This Government owes a great deal to the civil servants. Reference had been made this morning to Mr. Samuel Cohn. I believe you said yesterday this was the 26th budget on which he has worked. He has been very cooperative with us under all administrations. He is a man of great ability.

I believe this Rockefeller Public Service Award which you have received, Mr. Cohn, is considered the most prestigious that a civil servant can receive. I think you are due a great deal of credit. I wanted to take note of that at this time.


At this point the record will include questions on the overall budget set forth by Mr. Hathaway in letters to Dr. Shultz and Dr. Stein and their respective replies.

(The information follows:)

January 28, 1972

Doctor Herbert Stein
Council of Economic Advisers
Washington, D.C. 20503

Dear Doctor Stein:

I'm sorry I didn't have an opportunity to question you at the hearing yesterday. I would like you to comment on the following questions for the record.

Last year the Administration came out with a planned deficit designed do bring about full employment. Obviously it didn't work. This year the Administration seems to have the same plan, except that the deficit is larger. What is gour prognosis?

In 1969 the unemployment rate was 3.9%. To what do you attribute the substantial increase in unemployment since that time?


William D. Hathaway
U.S. Congressman


Clerk, House Committee on Appropriations



February 18, 1972

Dear Mr. Hathaway:

This is in reply to your letter of January 28, 1972 asking me to reply to certain questions for the record of the hearings of the House Committee on Appropriations held the previous day.

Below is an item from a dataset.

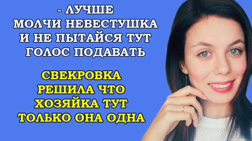 Лучше молчи невестушка и не пытайся тут голос подавать, свекровка решила что хозяйка тут только она одна...Правдивые истории из жизни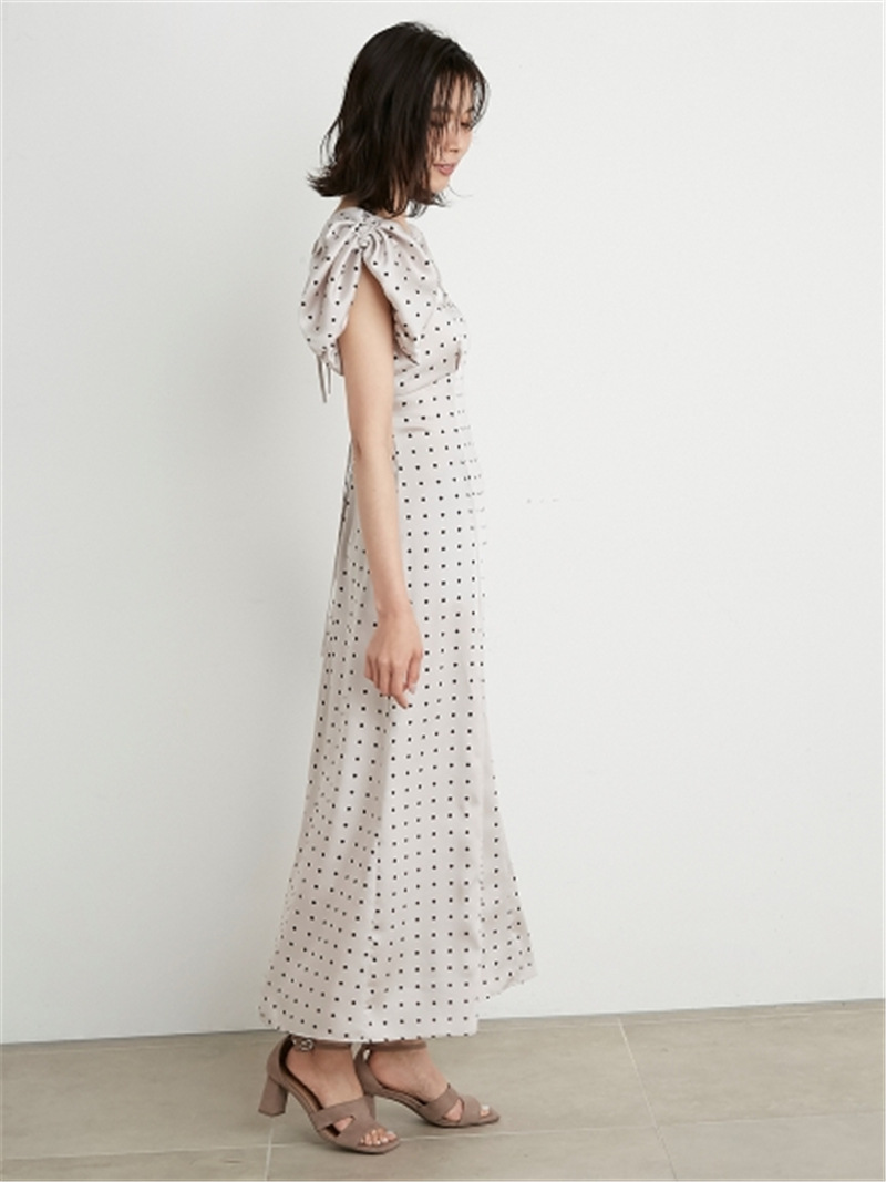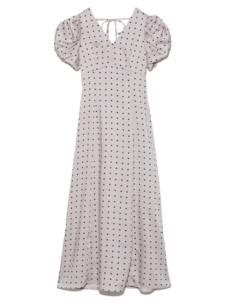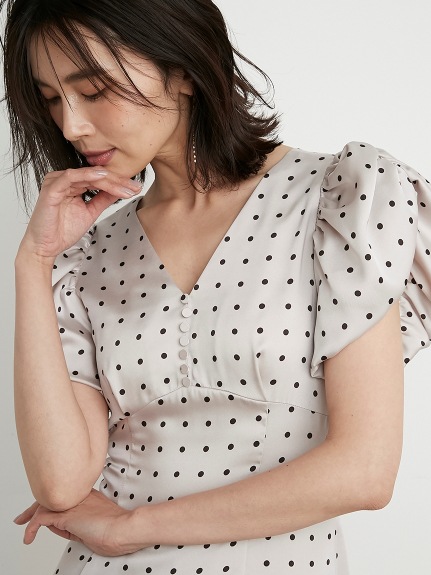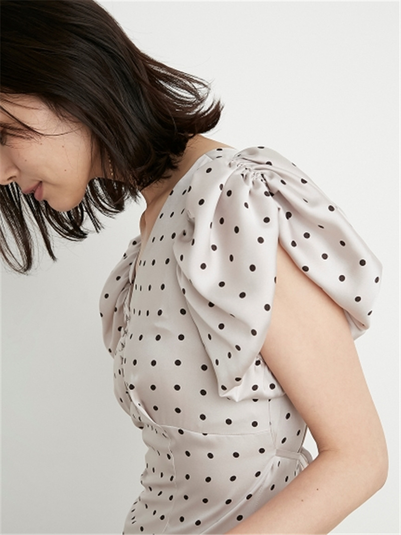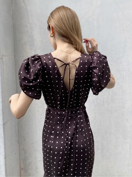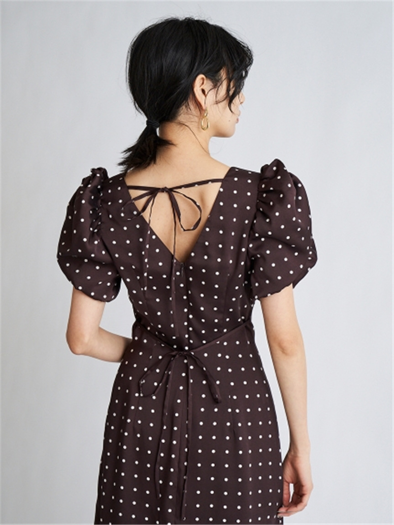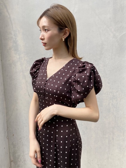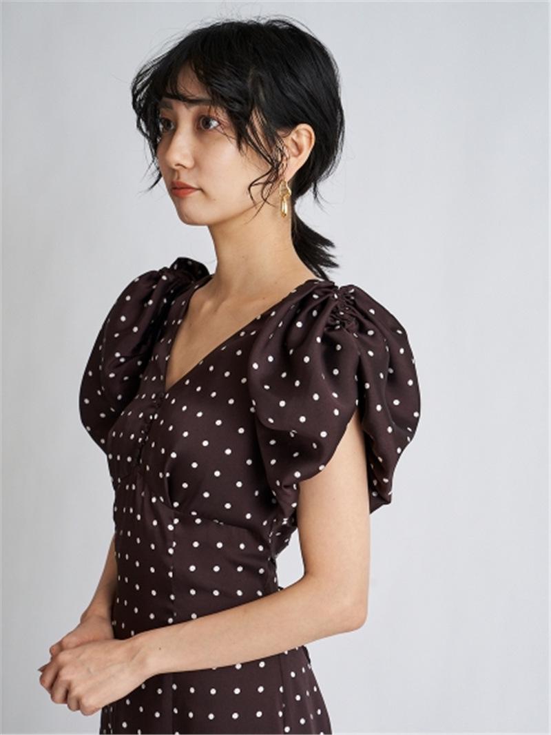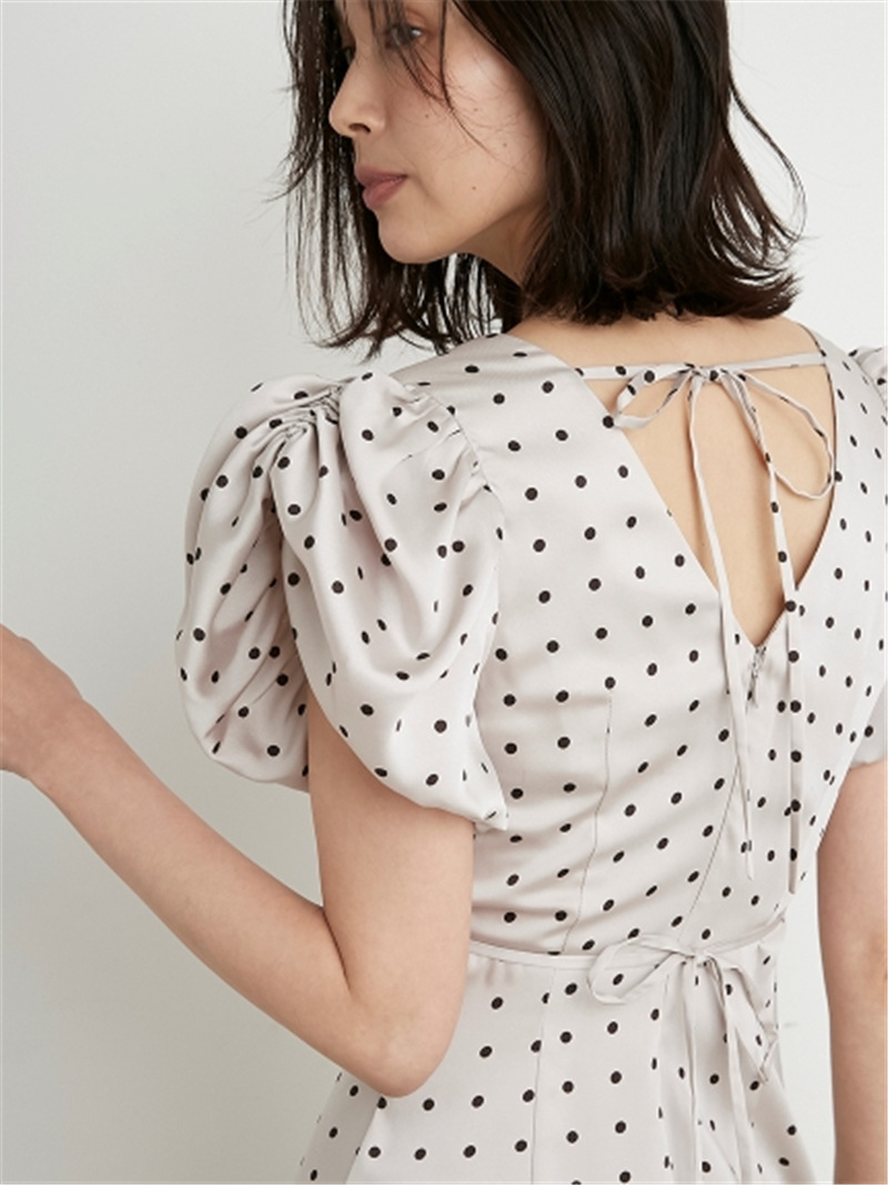 Sustainaギャザーパフスリーブドットワンピース

A year ago we were not forecasting that full employment would be reached in 1971. We were forecasting a substantial decline of unemployment during the year, which would continue into 1972. Our forecast hinged on a rapid rate of monetary growth and a decline in consumers' saving. The fiscal policy accompanying the forecast was believed consistent with the rapid economic expansion we foresaw but was not the main driving force in it. We recognized at the time, of course, that we were forecasting a more rapid expansion than most other economists were forecasting.

For reasons which we explained in the Economic Report of January 1972 this forecast was not met, and a radical change of policy was initiated in August 1971. We now have a more stimulative fiscal policy than a year ago. We also have a positive program to restrain inflation and new measures to improve our balance of payments. Moreover, the economy was rising much more vigorously as 1971 closed than it had been as 1970 closed. We believe that the combined effect of the forces already at work in the economy, plus the policies adopted by the Government, will be a strong, steady expansion of the economy, bringing the unemployment rate down to the neighborhood of 5 percent by the end of 1972.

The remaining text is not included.